Assignment —
What is needed is a verbatim copy of the data, minus the pictures.

Working data —
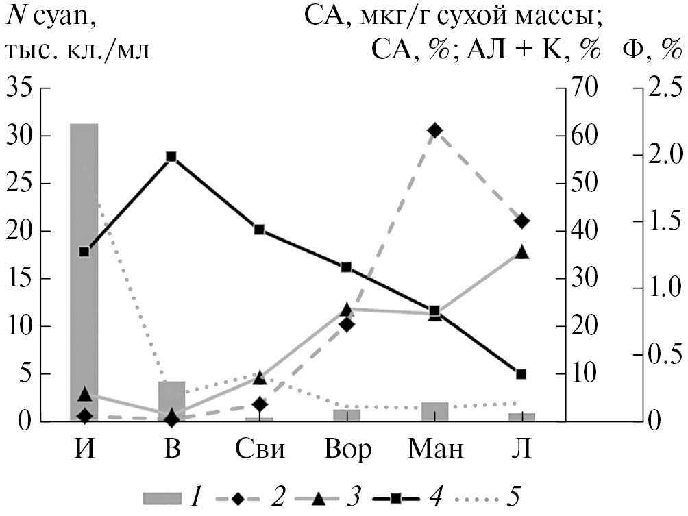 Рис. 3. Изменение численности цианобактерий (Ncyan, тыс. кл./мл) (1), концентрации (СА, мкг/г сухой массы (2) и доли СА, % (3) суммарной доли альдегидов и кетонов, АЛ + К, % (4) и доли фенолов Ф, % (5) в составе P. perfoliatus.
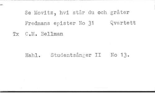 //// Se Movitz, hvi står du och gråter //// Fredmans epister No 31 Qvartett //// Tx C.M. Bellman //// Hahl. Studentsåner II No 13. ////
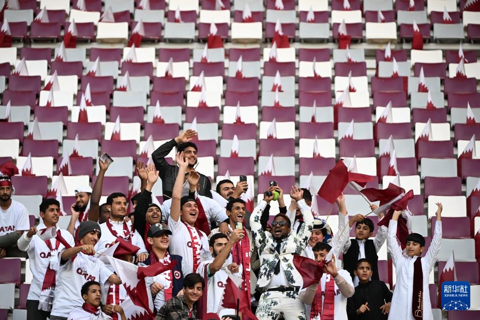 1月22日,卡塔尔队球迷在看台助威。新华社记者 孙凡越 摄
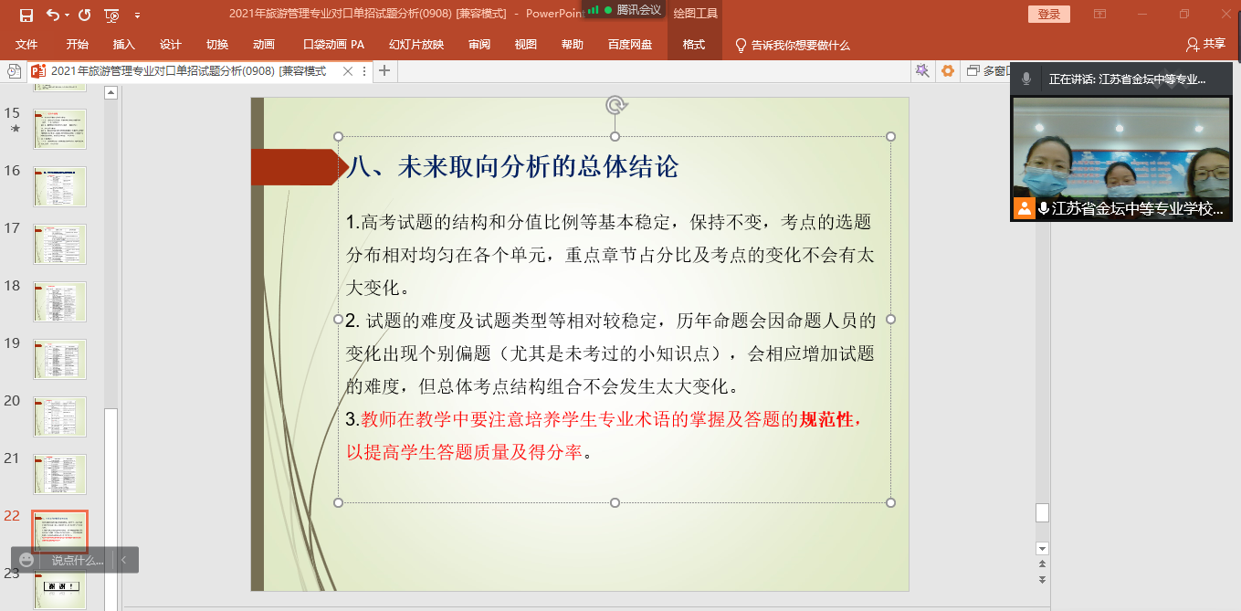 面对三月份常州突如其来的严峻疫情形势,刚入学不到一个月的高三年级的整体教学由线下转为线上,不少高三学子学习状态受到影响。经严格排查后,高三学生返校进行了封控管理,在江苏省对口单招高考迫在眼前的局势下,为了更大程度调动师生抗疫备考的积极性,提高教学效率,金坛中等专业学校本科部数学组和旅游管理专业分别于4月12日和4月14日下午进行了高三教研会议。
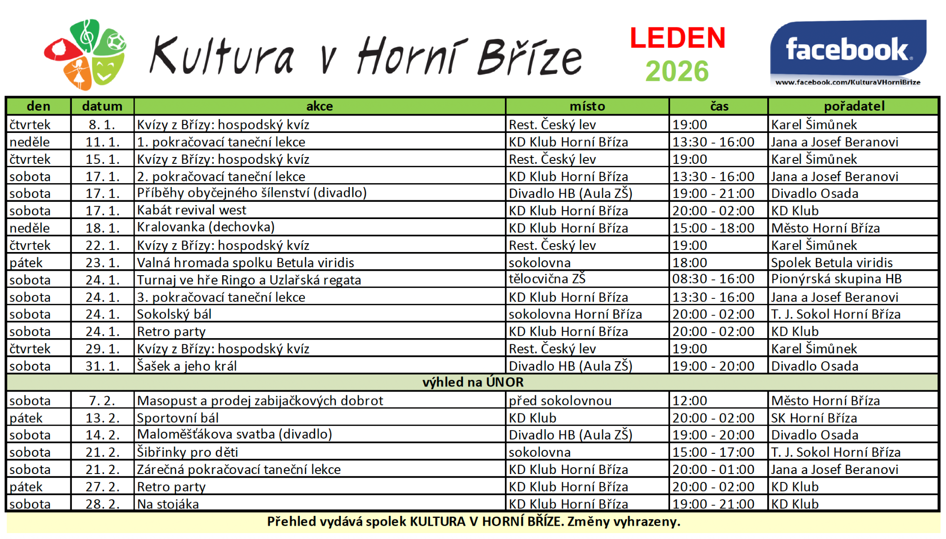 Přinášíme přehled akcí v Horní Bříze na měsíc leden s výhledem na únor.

Answer to the problem —
 Рис. 3. Изменение численности цианобактерий (Ncyan, тыс. кл./мл) (1), концентрации (СА, мкг/г сухой массы (2) и доли СА, % (3) суммарной доли альдегидов и кетонов, АЛ + К, % (4) и доли фенолов Ф, % (5) в составе P. perfoliatus.
 //// Se Movitz, hvi står du och gråter //// Fredmans epister No 31 Qvartett //// Tx C.M. Bellman //// Hahl. Studentsåner II No 13. ////
 1月22日,卡塔尔队球迷在看台助威。新华社记者 孙凡越 摄
 面对三月份常州突如其来的严峻疫情形势,刚入学不到一个月的高三年级的整体教学由线下转为线上,不少高三学子学习状态受到影响。经严格排查后,高三学生返校进行了封控管理,在江苏省对口单招高考迫在眼前的局势下,为了更大程度调动师生抗疫备考的积极性,提高教学效率,金坛中等专业学校本科部数学组和旅游管理专业分别于4月12日和4月14日下午进行了高三教研会议。
 Přinášíme přehled akcí v Horní Bříze na měsíc leden s výhledem na únor.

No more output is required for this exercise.